Le meilleur moyen garanti de tout rediriger http vers https est le suivant:

frontend http-in bind *:80 mode http redirect scheme https code 301

C’est un peu plus sophistiqué qui utilise le code 301, mais il est aussi bon de le faire savoir au client. La partie ‘mode http’ n’est pas essentielle avec la configuration par défaut, mais ne peut pas nuire. Si vous avez mode tcp dans la section des valeurs par défaut (comme je l’ai fait), alors c’est nécessaire.

Josh Currier · Answer

Une légère variation de la solution de user2966600 ...

Pour rediriger tout sauf une seule URL (en cas de frontend/backend multiple):

redirect scheme https if !{ hdr(Host) -i www.mydomain.com } !{ ssl_fc }

rusty · Answer

Comme Jay Taylor l'a dit, HAProxy 1.5-dev a la directive de configuration redirect scheme, qui répond exactement à vos besoins.

Cependant, si vous ne parvenez pas à utiliser la version 1.5 et si vous êtes prêt à compiler HAProxy à partir du code source, je rétorque la fonctionnalité redirect scheme afin qu'elle fonctionne dans la version 1.4. Vous pouvez obtenir le correctif ici: http://marc.info/?l=haproxy&m=138456233430692&w=2

sanyi · Answer

frontend unsecured *:80 mode http redirect location https://foo.bar.com

Flat · Answer

Si vous voulez réécrire l'URL, vous devez changer votre site virtualhost en ajoutant ces lignes:

### Enabling mod_rewrite Options FollowSymLinks RewriteEngine on ### Rewrite http:// => https:// RewriteCond %{SERVER_PORT} 80$ RewriteRule ^(.*)$ https://%{HTTP_Host}$1 [R=301,NC,L]
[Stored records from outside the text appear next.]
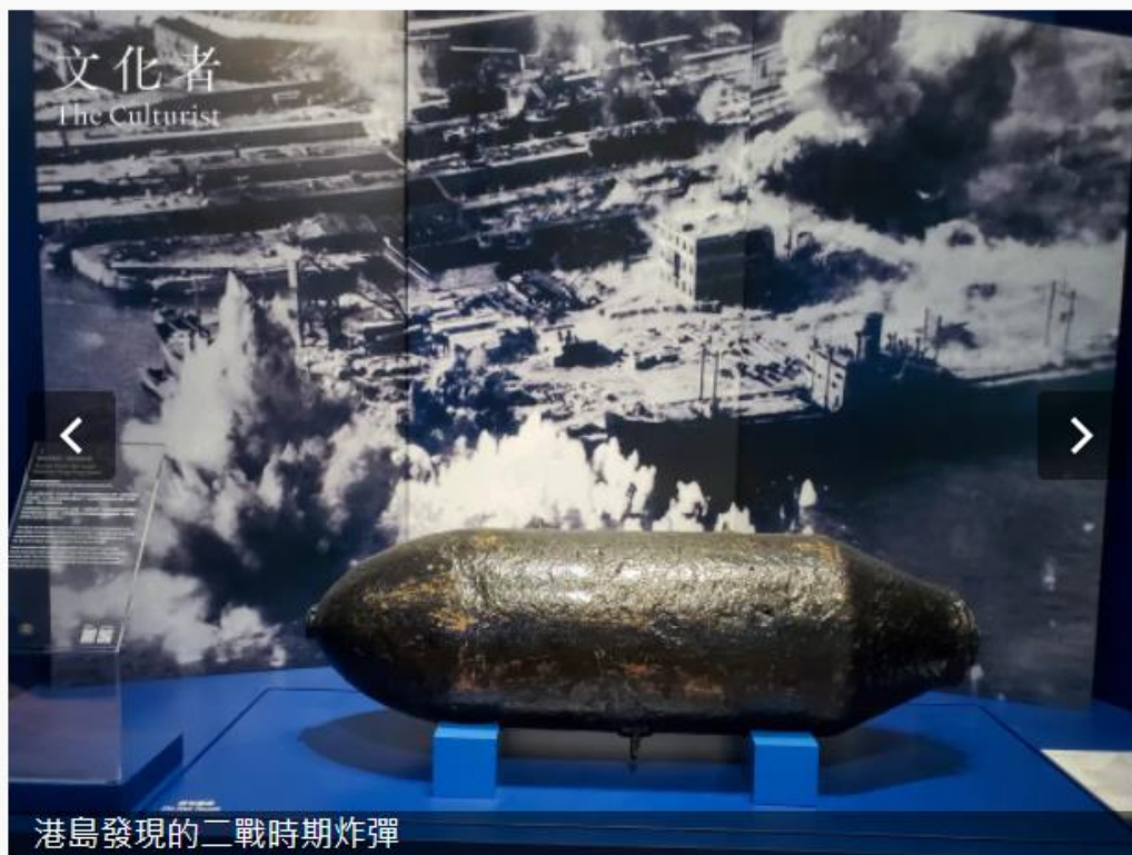
港島發現的二戰時期炸彈

一枚於跑馬地出土的二戰時期炸彈，現被投放於中環碼頭旁的香港海事博物館，作為港口故事的序幕。近日由海事博物館籌備的特備展覽「香江泛洋奇蹟」，展示了25件具標誌性的展品，當中既有「香港製造」的工業產品，也有與天星小輪、海員與貨櫃碼頭相關的文物，展品看似多元，其實貫連起來便是四代香港人的集體回憶。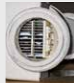
Filtro para piscina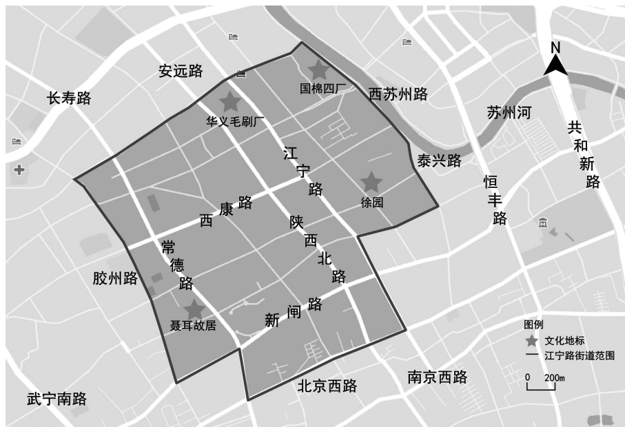
图1 江宁路街道地理范围示意图

江宁路街道位于上海市静安区中南部,其四至范围北为安远路、南为北京西路、东为胶州路、西为西苏州路和泰兴路,属于上海市中心闹中取静的地块(图1)。历史上的江宁路街区,原本是上海西郊的一片农田,1899年被划入上海公共租界的范围。1900年,公共租界工部局修筑了一条南北走向的马路,时称“戈登路”(戈登是当时英国洋枪队首领的名字)经过此地。道路通车后,沿路形成了住宅和工厂的混合分布区,这就是江宁路街道作为工业与居住混合区域的最初形态。1943年,汪伪政权接管租界后,将戈登路改名为江宁路。抗日战争后期,江宁路地块成为国民政府在上海的32个行政区之一。新中国成立之后,江宁区建制被撤销,经过数次的行政区划调整,目前是静安区下属的一个街道办事处。在近百年的发展变迁中,江宁路街道辖区逐步由城市郊区变身为繁华的闹市,曾存在不少的老民居、老弄堂,也曾建有20世纪工业化初期的许多老厂房、老宿舍,还有租界时期遗留的具有中西文化交汇特色的公馆和教堂;而在20世纪末以来的城市更新中,这一地块也依托优越的区位条件和良好的社会经济基础,较早经历了城市更新和旧城改造,并逐步成为商务楼宇和城市精英阶层的集聚之地。不同国籍、不同民族、不同信仰的“新上海人”在此工作、生活,使其逐步成为兼具全球化和上海地方特色的时尚文化街区。值得指出的是,在快速的城市更新中,江宁路街道大多数遗存的物质文化景观或者消失,或者淹没在大片的新景观之中,难寻足迹,而旧城改造还促成了大量老居民的异地搬迁,新楼盘的开发则引进了不少的新住户。由此,这一街区无论在景观形态或居民结构上都发生了显著的变化,无论新老居民,都面临社区感、地方感重构的压力。增进居民和社会各界对江宁路街道的记忆,不仅有助于社区凝聚力的提升,也有助于地方品牌和社区旅游的发展。江宁路街道办牵头举办的“记忆江宁”系列文化活动,通过全部18个居民委员会,向当前工作、生活在江宁的所有市民征集他们认为最有文化内涵的街区历史景观,同时,也欢迎曾经的老居民参与;在此基础上,基于入选的历史景观面向社会公开征集绘画作品,以完成“记忆江宁”文化地图的编制,并印制了3000份“记忆江宁”文化地图,免费向社区居民和单位发

Toutefois, si vous souhaitez rediriger toutes vos demandes sur le port 80 vers le port 443 des serveurs Web situés derrière le proxy, vous pouvez essayer ceci example conf sur votre haproxy.cfg:

########## # Global # ########## global maxconn 100 spread-checks 50 daemon nbproc 4 ############ # Defaults # ############ defaults maxconn 100 log global mode http option dontlognull retries 3 contimeout 60000 clitimeout 60000 srvtimeout 60000 ##################### # Frontend: HTTP-IN # ##################### frontend http-in bind *:80 option logasap option httplog option httpclose log global default_backend sslwebserver ######################### # Backend: SSLWEBSERVER # ######################### backend sslwebserver option httplog option forwardfor option abortonclose log global balance roundrobin # Server List server sslws01 webserver01:443 check server sslws02 webserver02:443 check server sslws03 webserver03:443 check

J'espère que cela vous aide

Nick Tsai · Answer

Ajoutez ceci dans la configuration HAProxy Frontend:

acl http ssl_fc,not http-request redirect scheme https if http

HAProxy - Redirection de requêtes HTTP

Glenn Plas · Answer

Pourquoi n'utilisez-vous pas les ACL pour distinguer le trafic? sur le dessus de ma tête:

acl go_sslwebserver path bar use_backend sslwebserver if go_sslwebserver

Cela va au-delà de ce que Matthew Brown a répondu.

Consultez la documentation ha , recherchez des éléments tels que hdr_dom et ci-dessous pour rechercher plus d'options ACL. Il y a beaucoup de choix.